The normal development of the vertebral column includes the longitudinal and axial growth of the vertebrae [54] that requires:

1. 1.

   The skeletal growth (the growth of the axis for muscular development).

2. 2.

   The symmetrical growth of the spine in the longitudinal and axial plane, preventing the development of deformities (scoliosis). The scoliosis is the spinal lateral deviation of more than 10° with vertebral body rotation. According to their origin, the scoliosis can be classified into idiopathic, congenital, neuromuscular, osteopathic, and neoplastic.

3. 3.

   Protection of neural elements, ensuring that the child reaches adulthood without neurological complications.

4. 4.

   The development of physiological spinal curvatures, which allow proper balance in the standing position.

The spine is intimately associated with the thoracic cage and any alteration of these two elements is reflected in the other. Under normal conditions, the development of the thorax is a dynamic process that involves the sternum, the ribs, the spine, and the diaphragm. Its growth shows a higher velocity in the first years of life. Everything that interferes with the thoracic normal development will reduce the respiratory capacity, especially in younger ages.

Also the thoracic morphology changes with growth: the thorax is cylindrical with horizontal ribs at birth; it has an oval shape, with an oblique orientation of the ribs at 2 years, and it is rectangular at 10 years. It has been established that the growth of 50% of the thoracic volume happens in the first 10 years and the other 50% is completed at the age of 16. An alteration in the longitudinal or anteroposterior growth of the thorax, thoracic volume, and alveoli will produce respiratory failure syndrome.

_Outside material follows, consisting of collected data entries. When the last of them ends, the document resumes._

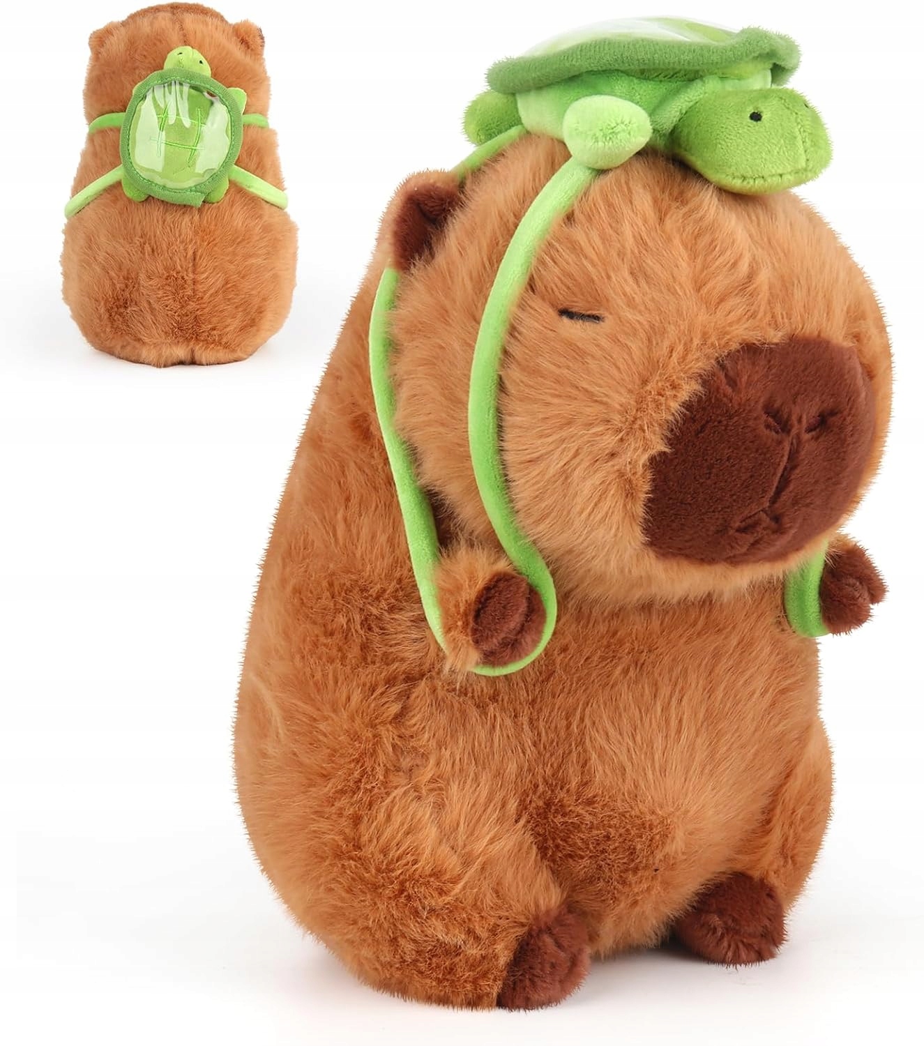 КАПІБАРА ТАЛІСМІН, ПЛЮШЕВА ІГРАШКА КАПІБАРА З РЮКЗАКОМ ЧЕРЕПАХА, 30 СМ, ВУХА 5 СМ
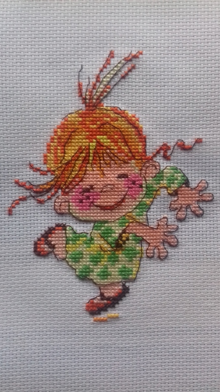 Работа " Клара" от Алисы, размер 11*14, нитки и канва из набора. Такая прикольная девочка получилась, мордашка такая смешная, чудная, смотрю на нее и веселее на сердце.
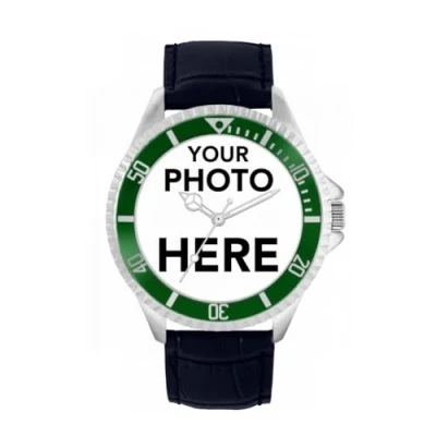 Toff London Personalised Engravable Photo Gifts for Men and Boys, Analogue Quartz Movement Watch with Green Bezel Blue Leather Strap, Custom Made
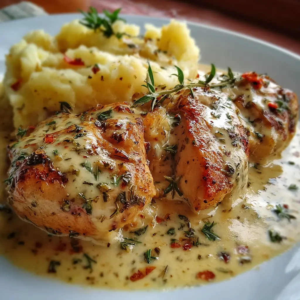 Disfruta de un delicioso pollo cremoso acompañado de un suave puré de patatas al ajo, perfecto para una cena rápida y satisfactoria.
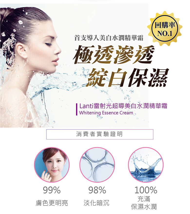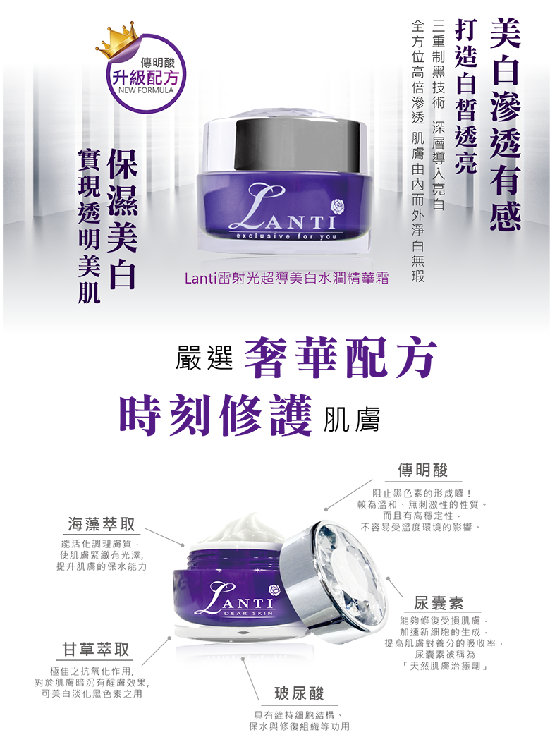 ◆商品名稱: Lanti雷射光超導美白水潤精華乳霜
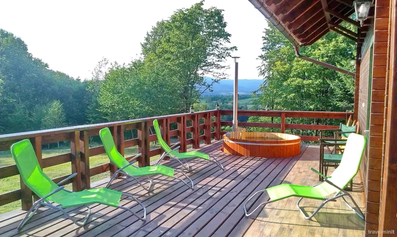 • Cu ciubărul „Jacuzzi Secuiesc” și sauna pentru relaxare, curtea spațioasă și activitățile variate – de la drumeții pe Harghita-Mădăraș (11 km) la plimbări pe Lacul Zetea (8 km) sau schi (11 km) – această cabană garantează o vacanță de neuitat.
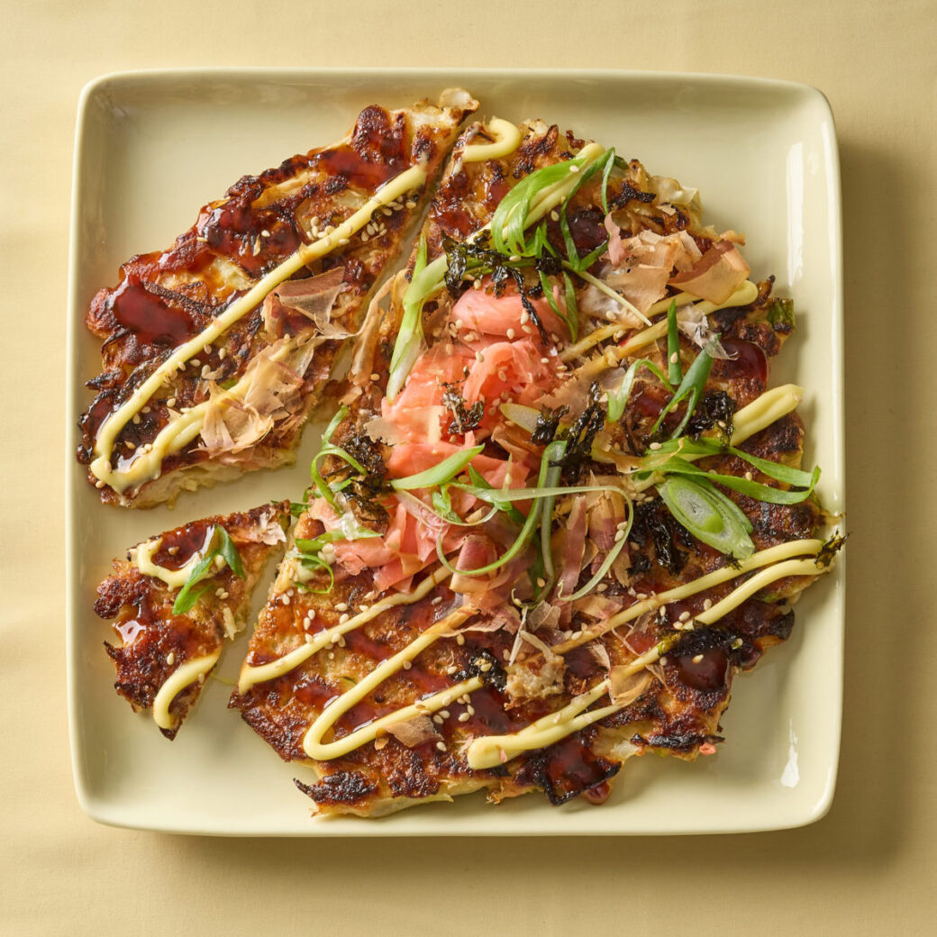 Cooked until crisp at the edges and tender in the centre, the delicate sweetness of lightly charred cabbage is highlighted by the tangy okonomiyaki sauce and salty, pickled toppings.
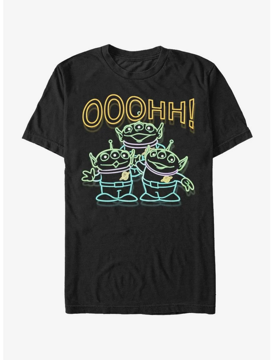Ooohh, is that the claw!? Nope, it’s the Toy Story Squeeze Toy Aliens Black T-Shirt! Three aliens are printed in the style of neon lights with “Ooohh!” above them on this black Toy Story shirt. This shirt does not light up or glow. 100% Cotton.

Spinal and thoracic deformities can be divided as:

1. 1.

   Primary

   1. (a)

      Anterior deformities (pectus excavatum, carinatum, etc.)

   2. (b)

      Connective tissue deformities (Marfan)

   3. (c)

      Costal fusion and strange malformations

2. 2.

   Secondary

   1. (a)

      Of the wall: costal resections, costal fusions

   2. (b)

      Of the content: retraction after empyema, pulmonary resections, diaphragmatic palsy

Hemivertebra is a type of vertebral anomaly and results from a lack of formation of one half of a vertebral body. It can be a common cause of a congenital scoliosis. The curve progression and the ultimate severity of the curve depend on the type of hemivertebrae, the location, the number of hemivertebrae, and their relationship with each other. It falls under the spectrum of segmentational anomalies and can involve one or multiple levels. Recognized associations are many and include Aicardi syndrome, cleidocranial dysostosis, gastroschisis, Gorlin syndrome, fetal pyelectasis, Jarcho-Levin syndrome, OEIS complex, VACTERL association, and mucopolysaccharidosis.